As summer slowly wanes, so too does my enthusiasm for this most unpredictable of British seasons. My fingers, eyes, legs and toes are tightly crossed for a sudden heat wave and it is precisely this mangled posture and the lacklustre weather that have driven me to cook indoors, he types, kicking the cobweb coated barbecue back into submission in the corner of the garden shed. Even the plane trees have sorrily scanned the elements before crinkling up their brown ends and drooping into a leafy sigh.

I follow a group on Linked In called Slow Food. Its basically a forum for people who value fresh, seasonal ingredients cooked lovingly and slowly. Subjects vary from how to grow your own organic vegetables to what is the best way to make maple glazed ribs or where to buy superior kitchen equipment. Its a good thread to follow and I’d recommend it to any fellow foodies.

My interest piqued at a thread on risotto, as I find making risottos great fun. A question was posted asking the group what people’s favourite risotto ingredients were and I was really intrigued by some of the answers. One contributor suggested the less you add, the better, and suggested cooking it with just olive oil, garlic, parmesan and a small knob of butter. I’d love to sample it, but time in the kitchen is so precious and I can’t resist experimenting with new and adventurous ingredients; so the one that really grabbed me was pear, walnut and gorgonzola. So last night I made it, using Dolcelatte instead of Gorgonzola as I prefer the smoothness and creaminess of Dolcelatte (although it has a 50% higher fat content …oops); then the final flourish of adding chives. It was outstanding and my guest went so far as to give it ten out of ten, so whatever happens, DO try this at home!

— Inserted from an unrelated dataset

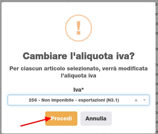 Il gestionale chiederà ora l'aliquota IVA da applicare agli articoli selezionati.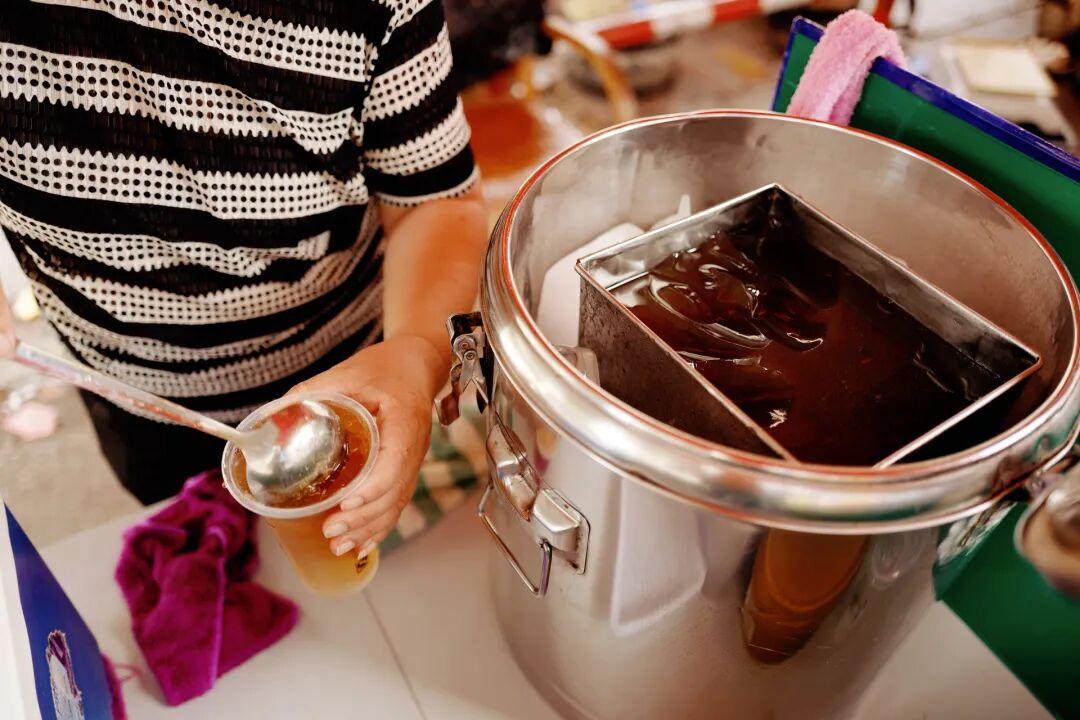 喝的時候加上蜂蜜和薄荷水,清涼消暑甜絲絲的,尤其是薄荷的味道,特別舒爽。我在福安的兩天,每天下午都要去找大姐買一杯喝。

1/4 tsp Coarse ground black pepper

6 small / 4 medium sized shallots sliced thinly

3 cloves of garlic, chopped fine

1 glass dry white wine

700g organic Arborio rice

500ml vegetable stock

Four medium or three large Conference pears coarsely diced.

150g Dolcelatte cheese

20 g freshly chopped chives

To start with, heat a heavy bottomed pan and coarsely grind some black peppercorns in to the dry pan. The heat will release their aroma which you then capture by pouring on a good glug of olive oil and frying the shallots and garlic for two minutes. Add the rice and stir really well to ensure all the grains are coated, then thrown in the pear and walnut, pour in the wine and stir again. Keep topping up the mixture with ladles full of hot stock, and stirring constantly on a lowish heat. Maintain this action for 15 minutes and at the 10th minute add the Dolcelatte. At the end, once you’ve taken it off the heat, add the chives and stir through, then serve with some steamed broccoli or fresh salad.